- Born: December 17, 1934 Guayaquil, Ecuador
- Died: March 30, 1961 (aged 26) Guayaquil, Ecuador
- Occupations: Poet; theater actor;

= David Ledesma Vásquez =

David Alberto Ledesma Vásquez (December 17, 1934 – March 30, 1961) was an Ecuadorian poet and theater actor, recognized posthumously for his influential contribution to 20th century Ecuadorian literature. Although his work went unnoticed for several years after his death, it eventually gained a cult following.

== Biography ==
Ledesma was born into a wealthy family on December 17, 1934, in Guayaquil, in the Guayas province. He completed his secondary studies at the Vicente Rocafuerte National High School.

From an early age he had a stormy relationship with his family, who did not accept his homosexuality, his inclination towards literature, or that he was different from his older brother, who had died years earlier as a hero during the Ecuadorian-Peruvian War.
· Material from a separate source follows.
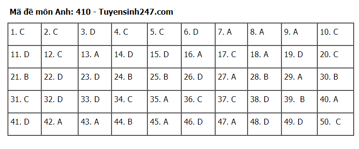 VietTimes – Đáp án đề thi tốt nghiệp THPT năm 2020 môn tiếng Anh mã đề 410 được VietTimes cập nhật nhanh chóng, chính xác. Chúc sĩ tử có kỳ thi tốt nghiệp THPT thành công!

Ledesma's father tried to enroll him in military service, but he was rejected for suffering from flat feet and asthma. According to playwright José Guerra Castillo, who worked with Ledesma in the theater, Ledesma's father interned him for six months in a Lima clinic that subjected him to conversion therapy.

He was married for less than a year to actress Mercedes Cajamarca, with whom he had a daughter and maintained a friendly relationship until his death.

=== Literary career ===
Ledesma began his literary career in 1950 with the publication of his short story Soledad in the newspaper La Nación. The following year, his poem La muerte del saltamontes received a positive response from the poetry contests collectively known as the Floral Games of the Vida Porteña program.
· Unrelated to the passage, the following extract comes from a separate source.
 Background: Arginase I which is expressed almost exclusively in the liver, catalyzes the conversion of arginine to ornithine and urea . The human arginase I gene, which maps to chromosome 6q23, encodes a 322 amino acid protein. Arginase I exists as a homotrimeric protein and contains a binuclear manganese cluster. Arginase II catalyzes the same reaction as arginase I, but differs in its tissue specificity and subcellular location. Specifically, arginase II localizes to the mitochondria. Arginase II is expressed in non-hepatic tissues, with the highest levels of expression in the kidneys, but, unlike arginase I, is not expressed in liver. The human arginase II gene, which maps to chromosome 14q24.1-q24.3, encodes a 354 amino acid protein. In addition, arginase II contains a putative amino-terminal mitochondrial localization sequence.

During the 1950s Ledesma was a member of "Club 7", a group of seven young poets who achieved great notoriety in the local press. Ledesma was a key figure in the group, which also included Ileana Espinel, Miguel Donoso Pareja, Carlos Benavides Vega, Gastón Hidalgo, Charles Abadíe Silva and Sergio Román Armendáriz. Donoso and Abadíe left the group after learning that Ledesma and Benavides were gay.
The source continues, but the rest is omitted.